Fletcher Report, 1930 (The)Posted in Definitions, History, Social Work, United Kingdom on 2009-09-16 18:24Z by Steven |
The Report on an Investigation into the Colour Problem in Liverpool and Other Ports or simply, The Fletcher Report of 1930 was a report sponsored by the Liverpool [England] Association for the Welfare of Half-Caste Children in December, 1927. The report, released on 1930-06-16, was written by Muriel E. Fletcher a 1920 graduate of the University of Liverpool’s School of Social Science. She was at that time employed as a probation worker and given the task to investigate the socioeconomic plight of ‘half-castes’. The social research played particular attention to the family structure of the [so-called] “half-caste” population in Liverpool1.
The Fletcher Report was written in response to the social tension created by the increased population of black (African) seamen who, via colonization—were deemed British citizens—and their “half-caste” (‘mixed-race’) children of their unions with white (English) women. This tension culminated with the Liverpool anti-Black riots of 1919. The report was based on a mere fraction the authors’ purported sample size and had little, if any, concern for the actual well-being of ‘mixed-race’ children and their families. The report was imbued with the racist “hybrid degeneracy” pseudoscience of the day. Besides the fact that the Fletcher Report stigmatized ‘mixed race’ individuals for decades, the report owns another ignominious spot in race relations in that it embedded the pejorative term “half-caste” into the British lexicon.

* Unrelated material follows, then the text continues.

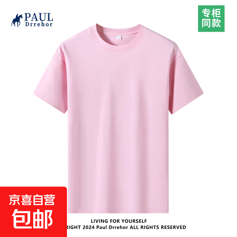 自营240重磅纯棉短袖t恤男高档纯色印花休闲基础款内搭半袖打底衫 粉色 4XL 185-200斤
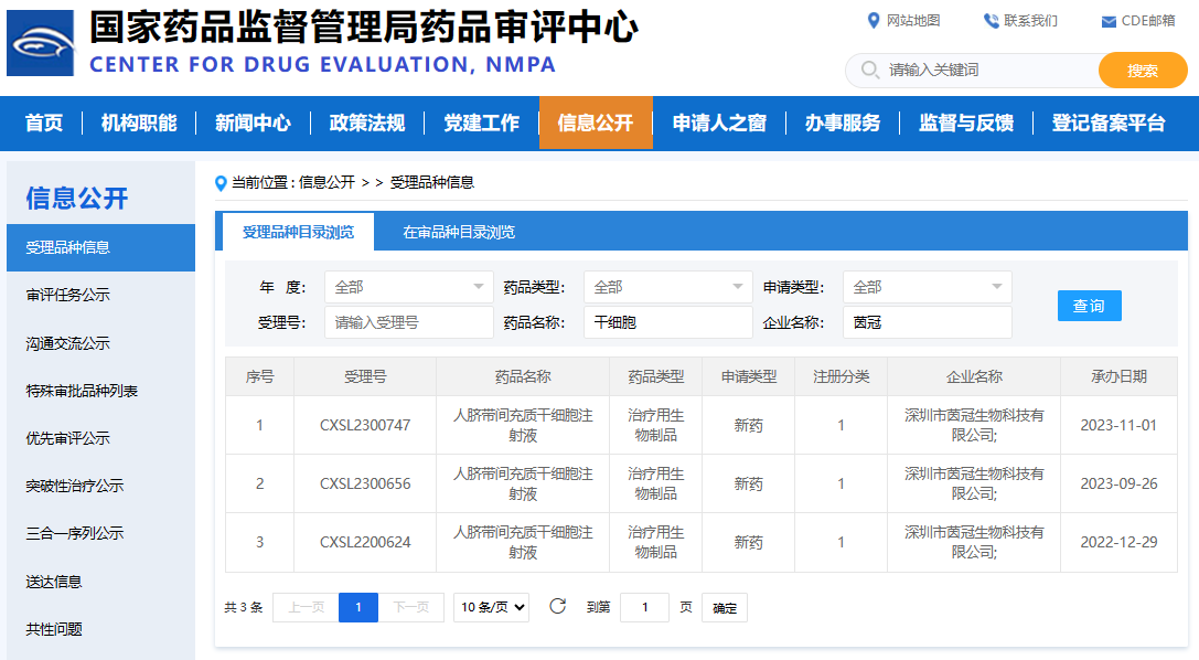 至于深圳,茵冠生物科技有限公司的表現更是令人矚目。短短一個(gè)多月的時(shí)間里,該公司便有兩款干細胞新藥IND相繼獲得國家藥品監督管理局的受理,其中人臍帶間充質(zhì)干細胞注射液于2023年11月1日成功獲得受理(受理編號:CXSL2300747)。這不僅展現了茵冠生物在干細胞新藥研發(fā)領(lǐng)域的強大實(shí)力,也充分體現了其快速反應和創(chuàng )新能力。

The report is available at the Library of the University of Liverpool (Reference Number: D7/5/5/5). See: http://sca.lib.liv.ac.uk/ead/html/gb141unirelated-p4.shtml#uni.10.09.01.05.05.02
1Mark Christian, “The Fletcher Report 1930: A Historical Case Study of Contested Black Mixed Heritage Britishness,” Journal of Historical Sociology, Volume 21 Issue 2-3, (2008): 213 – 241.